In many ways it's depressing visiting this pit, it's out of the way, well naturalised, but neglected. It also holds carp so anglers visit it. I won't tar them all with the same brush, the ones I have spoken to despise the duck-shooting, fire-lighting litter-louts too. There is a faction that insists on leaving cans, bottles, bags and more behind. It's such a shame as the place is everything a nature reserve would be if I had my way - unmanaged with no hard paths, just tracks that people have beaten out over time that follow the contours of the land and are overgrown in places.

As soon as I arrived there were chasers and emperors to be seen, then damsels. Reed warblers were being as noisy as reed warblers can. I walked through a clump of birches that had obviously been planted by the landowner, whoever that is, to find a burnt mess of a bed that looked as if it had been used as a barbecue. Yet feet away there were dragonflies and warblers.


Round the corner in a bay choked with Canadian pondweed carp were basking and chasers chasing over the surface. A large dragonfly came and checked me out, but I couldn't get a shot of it nor a positive ID. On the other side of the bay rudd were swirling in gaps in the weed. Then the sun went in and the dragonflies disappeared.


Bordering the pit, beyond the dense reedbeds, is a wild meadow filled with vetch, trefoil and other colourful plants. This harbours butterflies and moths in abundance. Skippers were spotted and burnet moths. And by the edge of a small pit, not much more than a scrape in the ground but one that holds fish, a common blue was briefly seen. Just for long enough to get a ropey photo with the wrong settings before I put the flash on the camera. I didn't see it again... The blue was perched on a mares-tail, which is prolific round the small pit and the two ponds which are mere wet depressions that are drying out in the current heatwave.

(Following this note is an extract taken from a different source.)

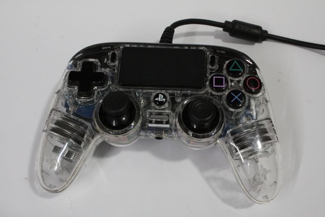 Detalles del productoMando Nacon para PS4 con un diseño transparente que permite ver el interior.

On the other side of the big pit is another, smaller, one which is rapidly losing the open water as reeds encroach from the margins. In the land around this pit I managed to photograph a burnet moth and a small skipper. One of these days I'll have to spend more time at this place, not least to see if I can get some good shots of the many reed buntings that inhabit the area. If only it wasn't quite so accessible and litter-strewn it would be truly idyllic. Of course, if it was well managed and the lowlife excluded from it I'm sure it would end up becoming manicured like so many 'proper' nature reserves. Sometimes you can't win.